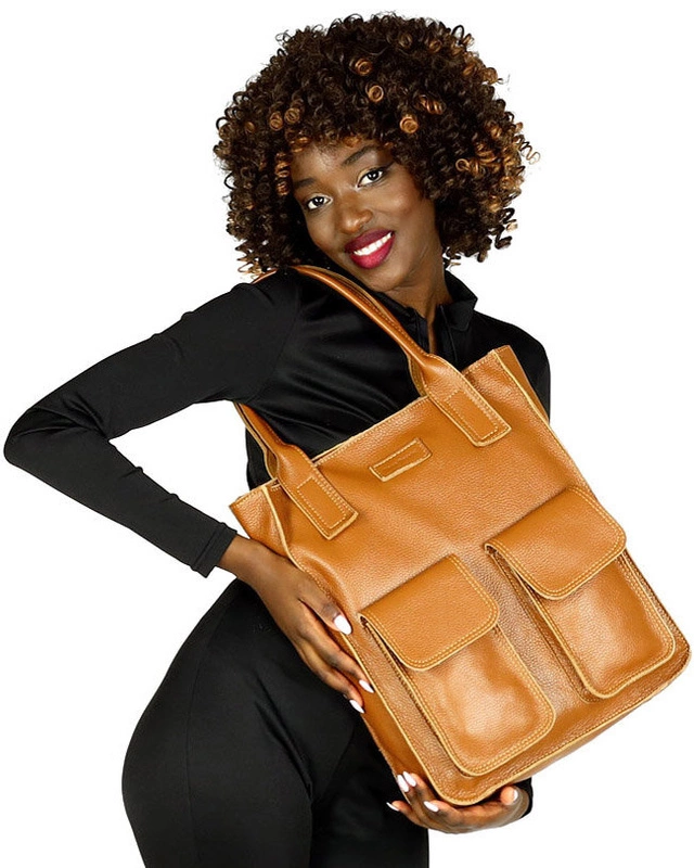 Torebka shopper brąz camel wykonana z naturalnej skóry dollaro. Skóra dollaro jest miękka i mięsista, a cechą, którą ją wyróżnia jest delikatnie “groszkowa” faktura. Torby damskie z tego materiału są bardzo wytrzymałe na obciążenia i zarysowania, świetnie sprawdzają się więc w codziennym, intensywnym użytkowaniu. Prosty i minimalistyczny fason, w oprawie z solidnej naturalnej skóry, zapewnia komfort użytkowania na najwyższym poziomie. Naturalna skóra to nie tylko bardzo wytrzymały surowiec, ale również doskonale zachowujący swoją formę przez lata.
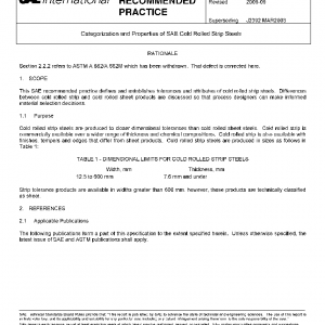 This SAE recommended practice defines and establishes tolerances and attributes of cold rolled strip steels. Differences between cold rolled strip and cold rolled sheet products are discussed so that process designers can make informed material selection decisions.
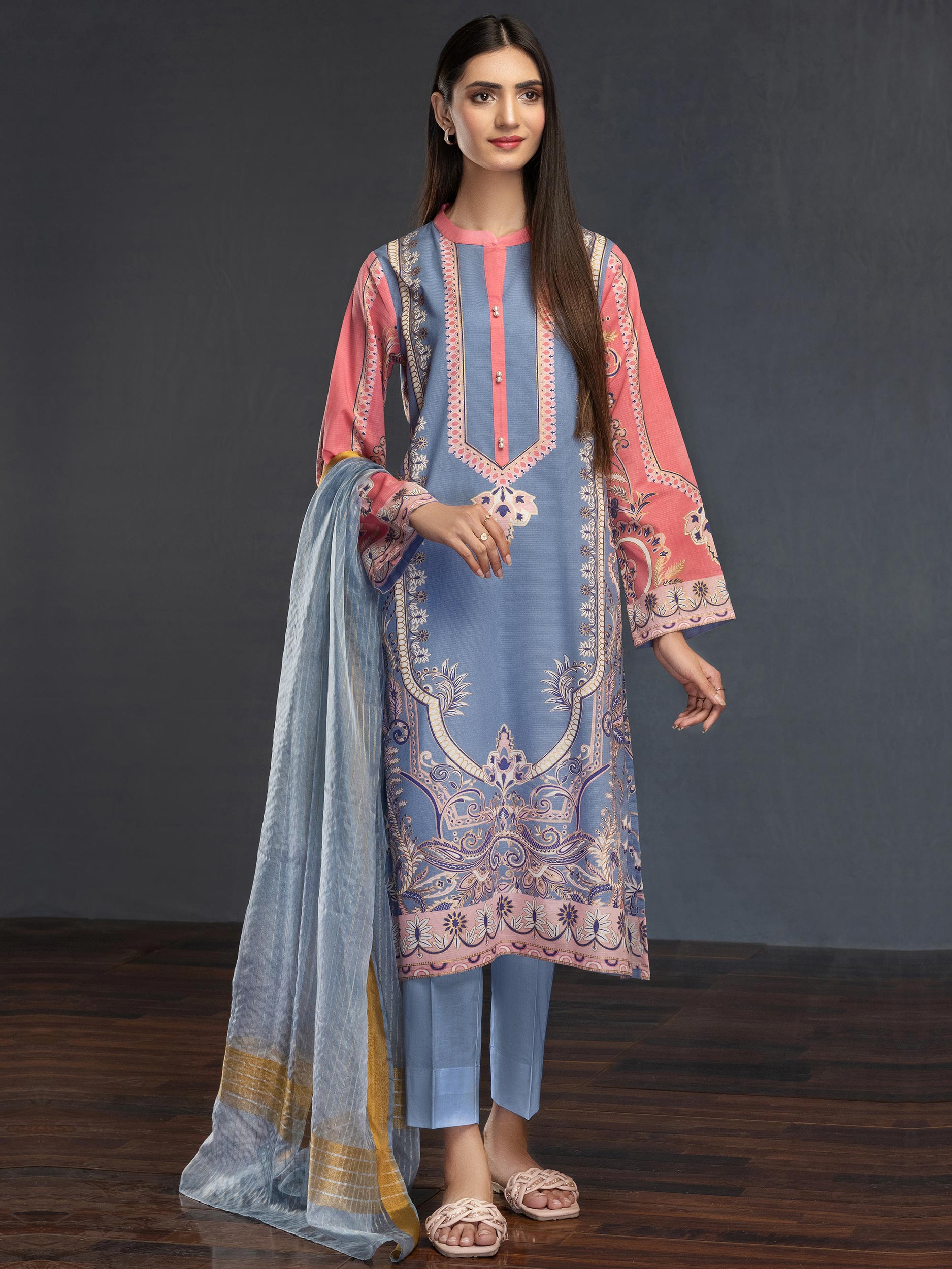 - Unstitched 3 Piece Printed Lawn Suit (Shirt+Dupatta+Trouser)

#### Task statement
All lines from the one containing "This SAE recommended" through the end of the data are to be written out exactly, with nothing added; skip the pictures.

#### Answer below
 This SAE recommended practice defines and establishes tolerances and attributes of cold rolled strip steels. Differences between cold rolled strip and cold rolled sheet products are discussed so that process designers can make informed material selection decisions.
 - Unstitched 3 Piece Printed Lawn Suit (Shirt+Dupatta+Trouser)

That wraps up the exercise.